Personally, I think Milliband would have been far better letting Tom Watson continue taking his verbal chainsaw to Cameron’s defences but that is to miss the point of asking why Newsnicht should be obsessed as any red-top by this juicy scandal when its London sibling had raised its eyes from such mire and even had Ed Balls saying sensible things about Greek default.
For, immersed as it is in collective outrage at indiscriminate phone hacking and pies being thrown—both physically and figuratively—at the once dreaded Darth Vader of world press, all our media—English or Scots; print or TV—spent this last week of parliament ignoring two major stories that may combine, like storms into a tornado supercell, in as little as two weeks from now. But good luck finding reportage outside anorak organs like the Economist or the WSJ. The Tweetosphere was thick with Kuenssberg or Reid chopping the same hackgate story into a hail of soundbites.
The most urgent story is of Merkel and the European Central Bank putting more elastoplasts on the brain haemorrhage called Greek National Debt. On the heels of their ‘stress test’ for banks comes a wheeze to levy €30bn eurozone bank levy, likely to weaken said banks. If the last rescue package for Greece has failed (see “Let Them Eat Baklava”) what likelihood is there that another €115bn will make the spendthrift Greeks mend their evil ways? If it all unravels, we’re talking about defaults on a major scale and a huge spanner jammed into financial machinery. Britain may stand outside the Euro but half our exports are to the Eurozone: we’re in it up to our necks.
This would be apocalyptic in itself. But on the other side of the pond, we have the Standoff at the Capitol Corral as Tea Party (=low-tax) Republicans eyeball Obama’s ‘free-spending’ Democrats. The US hoped to export its way out of the crisis. But they are net importers from BRIC (i.e. growing) countries and the previous paragraph explains what little hope Europe offers.
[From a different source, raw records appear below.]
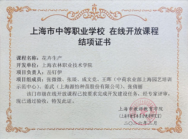 近日,上海市教师教育学院(上海市教育委员会教学研究室)发布《关于公布上海市中等职业学校在线开放课程2025—2026学年第一学期验收评审结果的通知》,由我校岳钉伊老师主持建设的《花卉生产》课程顺利通过验收评审,正式获得“上海市中等职业学校在线开放课程”结项证书。该课程自2024年获批第六批市级立项以来,历经近两年的精心建设与持续打磨,现已全面完成开发任务,并于2025—2026学年第二学期在“上海市职业院校在线开放课程”平台上线,面向全市中职师生开放使用。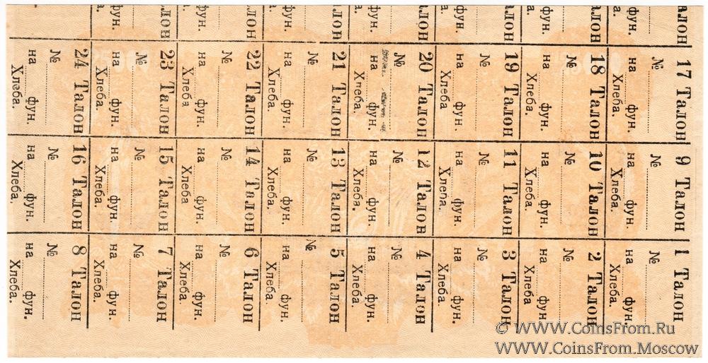 БРАК: на аверсе только фоновые сетки. Вторичное использование: на реверсе талоны на хлеб. Водяной знак - мозайка.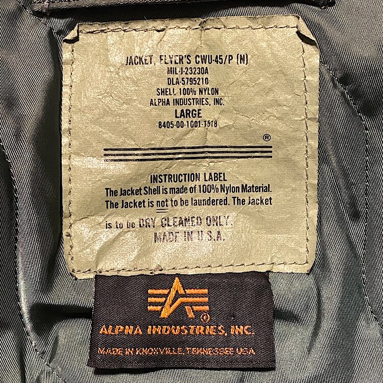 美品 ALPHA CWU-45P MA-1 ビンテージ フライトジャケット アルファ社 USA製 短丈 ミリタリー (Lサイズ)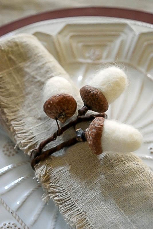 So that’s that…needle felted acorns to fill a bowl or Needle Felted Acorn Napkin Rings for your fall or Thanksgiving table.  You can see how I fringed my linen tablecloth and napkins here.

With a budget stalemate continuing and time growing short, House Republicans are pushing their plan to cut spending, rule out tax increases and amend the Constitution to forbid government spending more than it takes in. Such a plan will fail: in the Democratic-controlled Senate or under a veto by the President. If a budget is not agreed by August 2nd, then the US government moves into the unknown. Soldiers may not get paid and a drop from AAA bond ratings—not to mention recession and/or market collapse—could well follow.
However unaware we are in Scotland, these storms are gathering. Either of them would hit us badly. Both together would trigger a recession making 2008-10 look like the good times. Because many middle-class people had their normal short-term expedient of putting expenditure on credit cards blocked by reluctance to issue new cards and draconian limits on cards already out, their maneuver room is small. And, if recession returns, the inevitable rise in interest rates will catch another tranche of those pegged in mortgage payment ability or who took out variable-rate loans to cover expenditure. These third and fourth horseman of our fiscal apocalypse would ride out to join their foreign kindred.
Famine and pestilence may not sweep the land as a result. But, unless some of our more able minds stop fixating on tabloid trivia and deal with the repercussions of and antidotes to such a doomsday scenario, the opprobrium heaped on News Corp will be as nothing compared to what those at the helm will receive if this destructive fiscal supercell does form. Take your earphones out, the better to hear the sound of gigantic hooves approaching.